Two questions decide it: can the agent infer it, and if not, is it always true or only situational?

That is the whole distinction. Instructions are the always-on baseline; Skills are everything situational, named and described so the agent can reach for the right one at the right moment. And splitting things this way is where the benefits from earlier pay off:

  • Context management. Situational guidance stays out of the default context, so the context window is less likely to saturate.
  • Manageability. Each Skill is a self-contained unit, so you have an easier time managing the agent and making changes.
  • Accuracy.
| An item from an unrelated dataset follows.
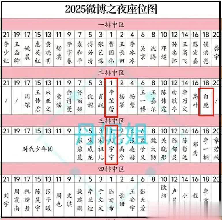 终末放上网友回来的微博之夜座位图,与前年比较,辛芷蕾升咖最为彰着。
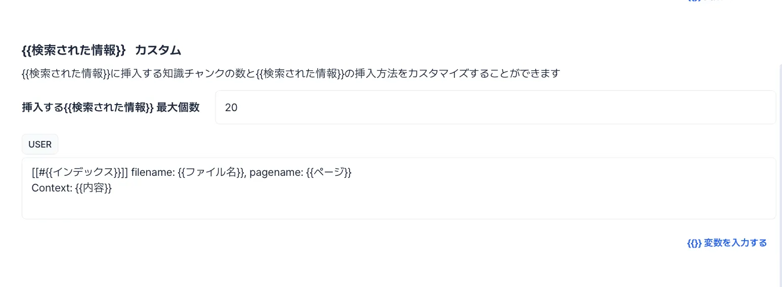 検索モジュール(RAG)を利用するエージェントにおいてのみ使用可能な変数です。

When the right guidance lands at the right moment instead of the agent wading through everything at once, it can make better calls. Per-case, so validate it rather than assume it.
  • Speed and credits. Fewer searches, tool calls, and reasoning loops can shorten responses and reduce credit spend — also per-case.

A Skill, or a new agent?

Before Skills arrived in Copilot Studio, the instinct for every distinct task was to build another specialized agent: one for password resets, one for software-request approvals, one for incident triage. But often those are not three agents, they are one IT support agent with three Skills. If the same agent serves the same audience and shares the same knowledge boundary, a Skill is the better unit of modularity: you are not building another agent to maintain, you are teaching the existing one another way of working.

Two things still point to a separate agent:

  • It would stand on its own. An HR assistant and an IT support agent are not one agent with two Skills. They serve different audiences, sit behind different security boundaries, and each makes sense as a standalone agent someone would use on its own. When a capability is standalone like that, build the agent. (Standalone is not the same as reusable; sharing a Skill across agents is a separate question, and the kind of thing a Skill catalog in the product would address down the line.)
  • One agent has taken on too many tools. There is some data suggesting that accuracy can degrade as more is loaded into an agent’s context, and a growing toolset is part of that load. Past some point, adding more Skills will not save it. As always, evaluate this for your own agent rather than assume it. When you hit that wall, the move can be to split the work out into a separate agent and delegate to it, rather than pile everything onto one.

A word on trust

Because a Skill shapes how the agent behaves, and can now bundle scripts, it is a trust surface. Treat any Skill you did not write, one from a community source, generated by AI, or reused from another environment, the way you would treat untrusted code: review it before adding it. Check for prompt injection, instructions to misuse tools, and anything that does not match what the Skill claims to do.

What to take away

If you want to go deeper, Influencing Agent Planning with Contextual Instructions covers how always-on instructions steer the orchestrator, Open the Hood: What Your Copilot Studio Agent Is Really Doing shows how to inspect the reasoning that decides when a Skill fires, and Closing the Loop covers how to evaluate that the right Skill fires at the right moment.

Skills are early in Copilot Studio, and intentionally focused. But the core idea is already worth internalizing: keep instructions for what is true in every conversation, and move everything situational into Skills the agent can pull in on demand, whether that is a reference manual, a checklist, a runbook, or a playbook.

Skills are new to Copilot Studio, and I would love to hear how everyone is putting them to use. What is the first thing you would pull out of your instructions and turn into a Skill?

This post is licensed under CC BY 4.0 by the author.